How Food Chaining can help individuals with Autism


As an Applied Behavior Analyst (ABA) provider, I work with children who are diagnosed with Autism Spectrum Disorder, as well as Sensory Processing Disorders. These disabilities often are associated with feeding difficulties and/or picky eaters.  A child is considered a picky eater when they are accepting only a limited variety of foods (usually less than 20) or only a specific brand of food. Sometimes, picky eaters will only eat foods that are cooked or presented in a specific way. The picky eaters of the world can have extreme meltdowns about food and around mealtimes. If you have a picky eater in your house, you have also felt the pressure to instill healthy eating habits in your children. This can be especially stressful for you when you look at the five food groups and realize your child only eats foods from one or two.

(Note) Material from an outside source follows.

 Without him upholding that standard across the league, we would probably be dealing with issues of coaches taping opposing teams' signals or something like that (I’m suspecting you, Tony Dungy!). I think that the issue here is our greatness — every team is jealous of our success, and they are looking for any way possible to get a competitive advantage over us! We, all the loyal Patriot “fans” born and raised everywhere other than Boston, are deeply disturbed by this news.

I am here to tell you that picky eaters and parents need a place to start so that mealtime doesn’t seem like such an impossible task. 

It is important to understand the relationship your child has with food. If your child is able to talk, have conversations about how they feel about the foods they do love and those they don’t. Can they describe why they don’t eat a variety of foods? Help them to explain and identify how the food feels in their mouth, if it makes their tummy hurt, or if they prefer certain flavors or textures. Do they love sweet or salty? If they are younger, story time with food books, performing games using mouth movements, providing messy play activities and having them in the kitchen during meal prep can assist with decreasing fear of certain food items and provide more awareness of their mouth. 

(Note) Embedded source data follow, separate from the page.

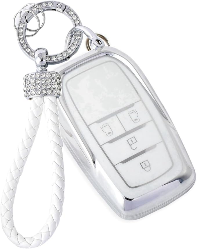 [ZANEKO] ヴォクシー ノア 90系キーケース適合トヨタシエンタ キーカバー軽量 (4ボタン、シルバーホワイト)
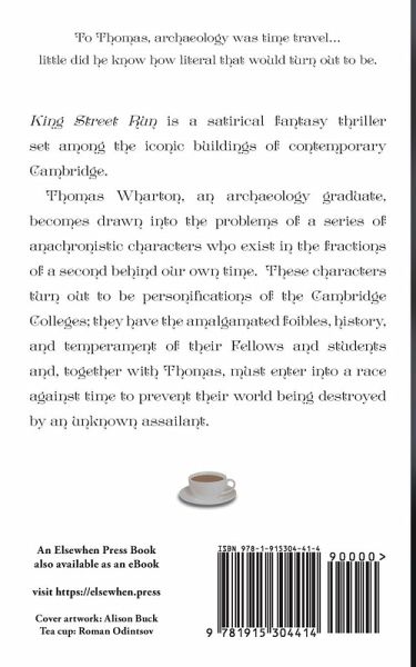 To Thomas, archaeology was time travel... little did he know how literal that would turn out to be. Thomas Wharton, an archaeology graduate, becomes drawn into the problems of a series of anachronistic characters who exist in the fractions of a second behind our own time. These characters turn out to be personifications of the Cambridge Colleges; they have the amalgamated foibles, history, and temperament of their Fellows and students and, together with Thomas, must enter into a race against time to prevent their world being destroyed by an unknown assailant. King Street Run is a satirical fantasy thriller set among the iconic buildings of contemporary Cambridge. Cover art: Alison Buck
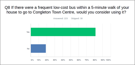 Our bus survey results have now been published and were presented at the Community & Environment Committee. Not surprisingly, most respondents said that buses were not frequent enough, too expensive and ‘don’t go where I want to go’. Almost all respondents used a car for most journeys that were too long to walk. However, it was interesting that more than 80% of people said they would use buses if they were cheap and convenient enough. We have sent the results to Cheshire East Council as input to the strategy for buses. We would very much like Congleton to be a pilot town for improved bus services if and when funding becomes available.

To increase the number and variety of foods your child may eat, try food chaining. Food chaining is a child-friendly approach that enables your child to try new foods that are similar to foods they currently enjoy and eat consistently. This is a common practice amongst speech therapist and feeding therapists. Start by identifying similarities within the foods that your child is eating. Think about finding foods of the same color, food group, texture, shape, flavor or smell. After identifying similarities within your child’s diet, begin by offering foods with similar characteristics. If your child enjoys chicken nuggets, can they eat a variety of chicken nugget brands, shapes or chicken that is presented differently? Can they eat chicken with less breading and then baked chicken? If they only eat 2 types of crackers, can you find crackers that might be similar in color or shape but a different flavor? It is important to think about food consistencies. Take cheese for example. Think of all the different ways you can eat cheese. Sliced, shredded, cubed, in a spread or melted. There are different colors and tastes, but remember, cheese is cheese. If your child can eat cheese in a variety of presentations, including temperature, educate them on how cheese helps other foods taste good. Start putting cheese on foods they do like and go from there. Some possible food chains include: french fries to mashed potatoes; chicken nuggets to chicken breast or lunch meat; chips to dried fruit; yogurt to dips, and so on.

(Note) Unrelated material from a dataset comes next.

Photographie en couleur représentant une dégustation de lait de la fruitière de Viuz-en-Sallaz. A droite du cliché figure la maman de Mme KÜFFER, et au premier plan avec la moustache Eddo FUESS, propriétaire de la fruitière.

After assisting your child with food chaining, move into food pairing. This is another way to expand a diet by choosing foods that complement each other and enhance a meal. Continuing with the cheese example, try adding cheese to another food that your child already eats consistently like bread or a fruit/vegetable. Help them to tolerate something new like a sandwich or place cheese on a salad. Even if they only eat the cheese, they are eating it off of a new food that has shared some of its flavor, helping to break down that wall of picky eating.